Today 57 years ago the first move was made towards the building of a united Europe. On May 9th 1950, Robert Schuman set the first stone for the foundation of what we know nowadays as the European Union. The EU has followed a huge process of transformation since. However, with the current development of European affairs it is difficult to assess whether one should celebrate or mourn on the Day of Europe.

Marina Barbalata, Spokesperson of FYEG comments: "In a world that is becoming more globalized every day, problems require global solutions. The European countries need a united voice if they are to efficiently tackle issues such as poverty relief, human rights violations, climate change, pollution and migration to mention only a few.

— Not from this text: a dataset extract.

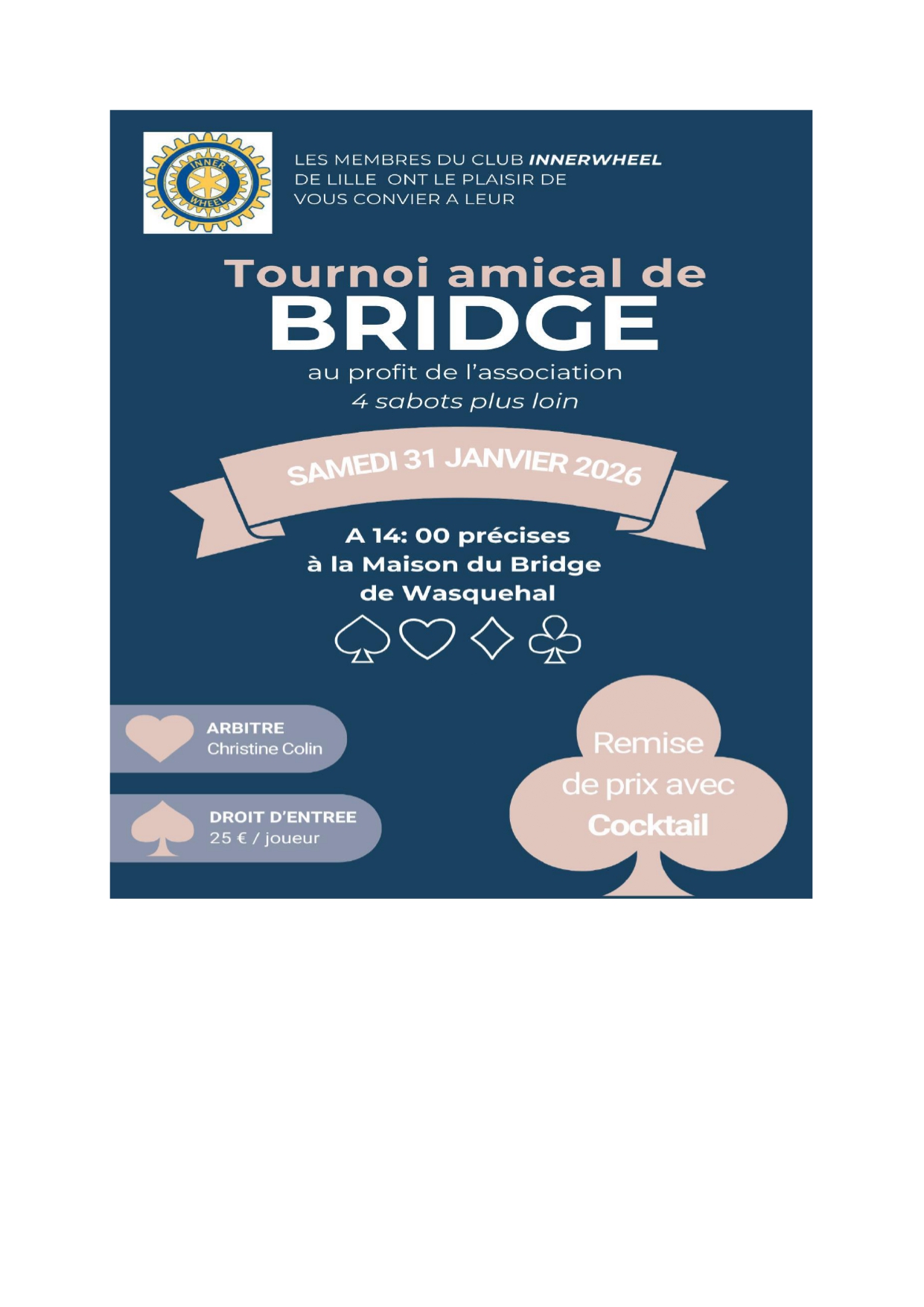 Tournoi de Bridge organisé par le Club de Lilles au profit de l’association « 4 sabots plus loin » ayant pour but de faciliter l’accès aux sports équestres pour les personnes en situation de handicap dans les Hauts de France.

The Young Greens acknowledge the contributions that the European institutions have made in terms of creating peace and stability and in promoting a more united Europe. However, this is not enough. "We are now more concerned than ever about the basis on which the European Union is built. We do not want a Europe oriented towards a larger market and consumerism, but a Europe concentrated on finding sustainable solutions for its future development.”

Bartek Lech, Co-Spokesperson of FYEG adds: "I have doubts whether I should celebrate the Day of Europe or not. On the one hand, a lot has been achieved. However, we need to be more ambitious: poverty, discrimination, further enlargement and youth policies are just few examples of the issues that the EU is not covering in an effective way."

"The new trio that is setting Europe's agenda - Sarko, Angie and the Polish Twins - do not make me feel very confident that those goals will soon be fulfilled. We need a tight cooperation between all European youth, pro-democratic political organizations in order to transform Europe into YOURope, with more democratic institutions, closer to citizens and encouraging participation.”

The Federation of Young European Greens agreed at its GA in Vienna last month to put the Future of Europe at the top of its political priorities in 2007/2008, in this way enabling the inclusion of a Young Green voice in discussions about the European construction.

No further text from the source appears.